Por outro lado, há quem defenda que com uma bancada numerosa no Congresso e o controle do Executivo, este seria o momento de avançar em mudanças estruturais a partir de uma nova constituição.

"Defendemos um processo constituinte aberto, para que as pessoas comecem a pensar qual país necessitamos, como seria uma nova democracia, como seria um país que realmente tire a política do âmbito das armas. Seria um grande pacto político nacional para tirar o país da violência", afirma o senador do Comunes, Rodrigo Granda.


A Colômbia é o país com mais bases militares dos Estados Unidos, que anualmente recebem novas tropas do Pentágono. / BdF

Relação com os EUA 

Petro e Francia também poderiam ser freados por pressão e influência de Washington. Na semana prévia ao 1º turno, o presidente Joe Biden assinou o memorando de inclusão da Colômbia como o primeiro aliado estratégico da Organização do Tratado do Atlântico Norte (Otan) na América Latina.  

Os Estados Unidos possuem sete bases militares operando no território colombiano, além de sedes das principais agências, como o FBI, CIA, DEA e USAID, com presença de dezenas de milhares de soldados estadunidenses. 

"Esperamos que com o Partido Democrata novamente no poder, e eles tendo sido testemunhas das negociações, agora reconheçam os acordos de Havana, para selar a paz na Colômbia.
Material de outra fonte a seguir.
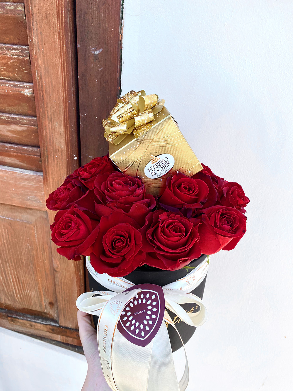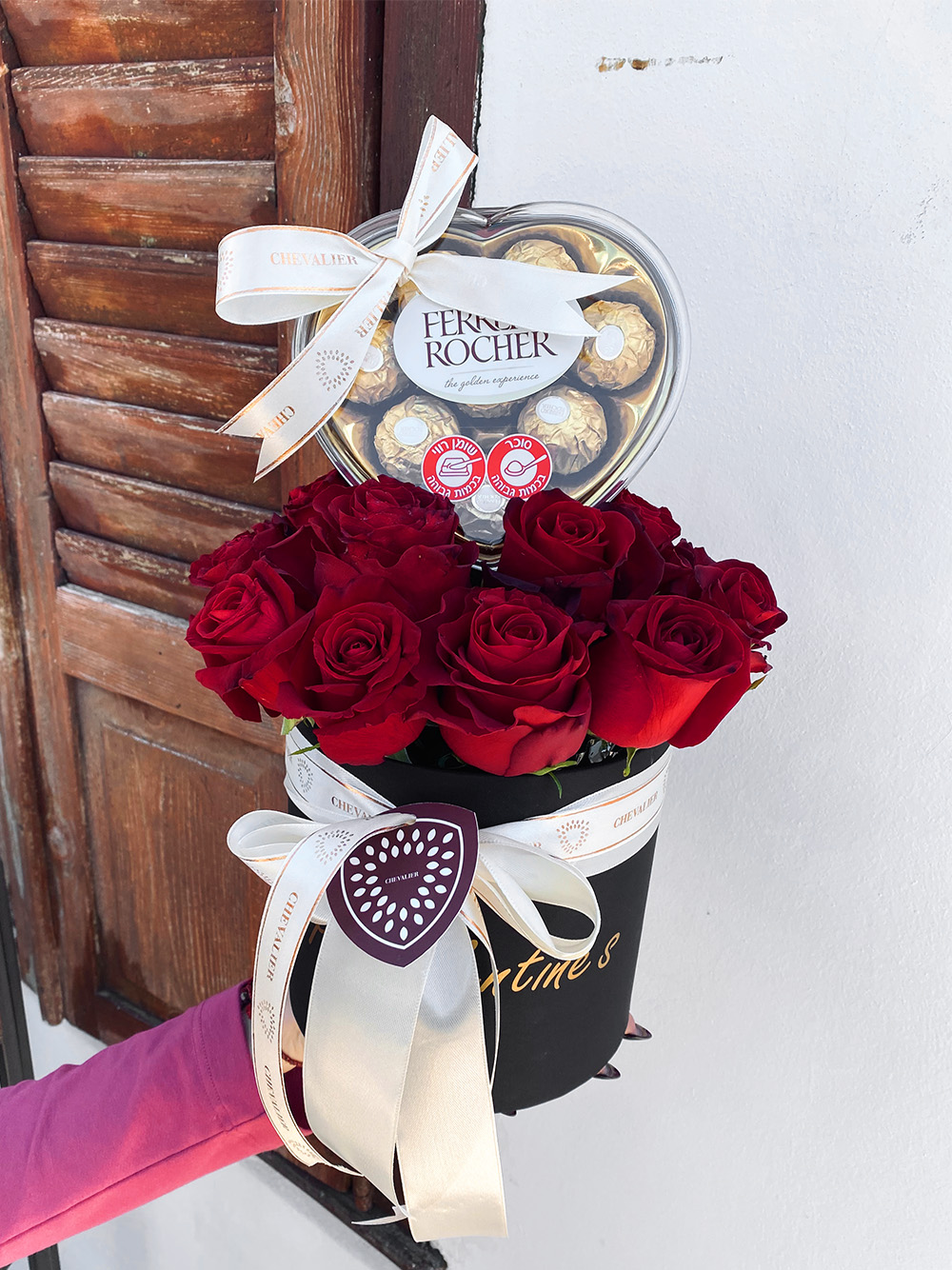 קופסת ורדים אדומים יוקרתית ואלגנטית בצבע שחור, המשולבת עם מכסה, הקופסא קיימת ב- 3 גדלים. בתמונה המוצגת הקופסא בגודל “בינוני” המכילה 16-18 ורדים. ניתן להוסיף למארז שוקולד פררו רושה.

Essa seria a maior contribuição dos EUA", comenta Rodrigo Granda.

"Se bem vamos ter melhores condições com esse governo, também acreditamos que se intensificará a guerra nos territórios, por isso devemos dinamizar nossa organização popular", analisa o dirigente do Congreso de los Pueblos.
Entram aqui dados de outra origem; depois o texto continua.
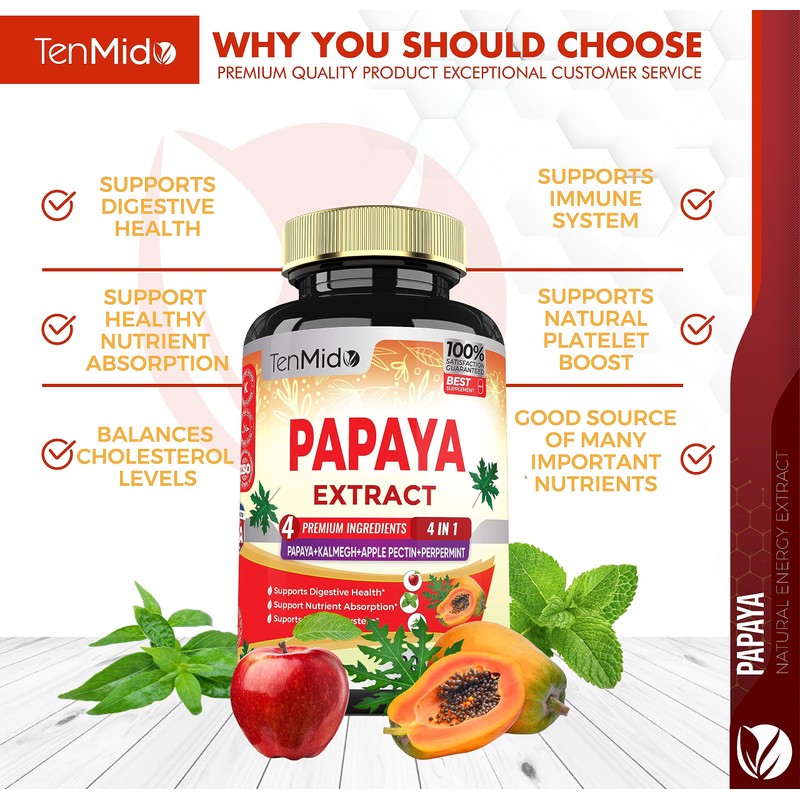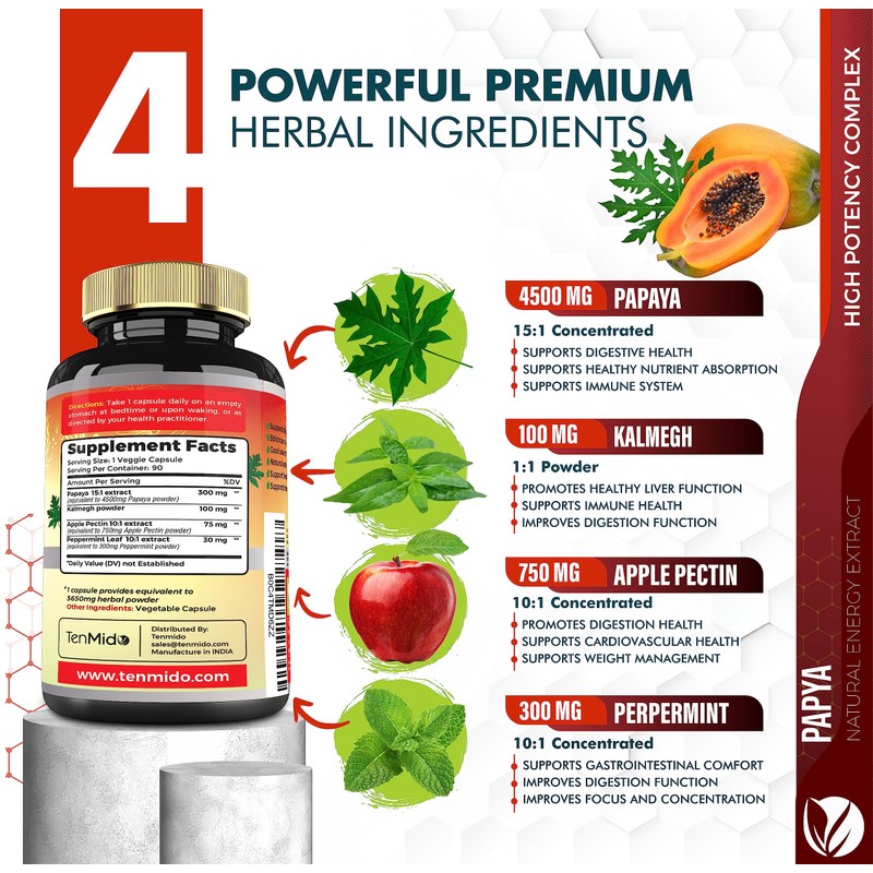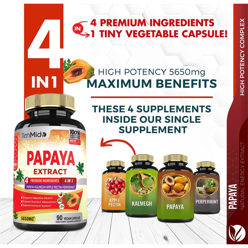 - ❤️ High Potency Complex: Tenmido Papaya Extract Capsules combination equivalent to 5650mg of the highest quality Papaya powder with 3 extra powerful herbal problematic ingredients: Kalmegh, Apple Pectin, and Peppermint. With the special optimized formula, our product has been shown to be one of the most advantageous herbs, highest absorption and bioavailability for your overall health.

A senadora pelo Partido Comunista da Colômbia, Gloria Ramírez, acredita que seria possível reverter no Congresso a presença das bases militares dos EUA. "Hoje elas são ilegais, porque nunca passaram pela aprovação do Legislativo".

No entanto, destaca que "a relação não será de ruptura com o governo dos EUA, porque nos levaria a uma situação de isolamento e não é isso que buscamos. Queremos que respeitem nossa soberania nacional, que haja uma integração latinoamericana e que tenhamos uma região de paz", disse a parlamentar comunista.
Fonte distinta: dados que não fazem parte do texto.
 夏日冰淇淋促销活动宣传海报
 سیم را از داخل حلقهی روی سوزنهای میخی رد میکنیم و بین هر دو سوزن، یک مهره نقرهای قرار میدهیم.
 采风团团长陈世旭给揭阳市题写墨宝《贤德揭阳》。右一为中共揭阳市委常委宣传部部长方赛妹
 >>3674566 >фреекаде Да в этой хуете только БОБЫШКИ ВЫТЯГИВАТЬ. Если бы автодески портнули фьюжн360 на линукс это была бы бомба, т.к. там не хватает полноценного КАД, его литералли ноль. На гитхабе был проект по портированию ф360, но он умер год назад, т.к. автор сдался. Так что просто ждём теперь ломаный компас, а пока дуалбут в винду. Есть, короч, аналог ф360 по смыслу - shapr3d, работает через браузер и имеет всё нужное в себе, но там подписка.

O segundo turno será realizado no dia 19 de junho, enquanto a posse está prevista para 7 de agosto. De acordo com a última pesquisa, realizada pelo Centro Nacional de Consultoria (CNC), com a participação de 1.200 colombianos de 43 municípios, haveria um empate técnico no segundo turno. Pela centro-esquerda, Petro e Francia aparecem com 39% das intenções de voto, enquanto pela direita, Rodolfo e Marelen, teriam 41% da preferência. Já 14% continuam indecisos, e a margem de erro é de 2,8%.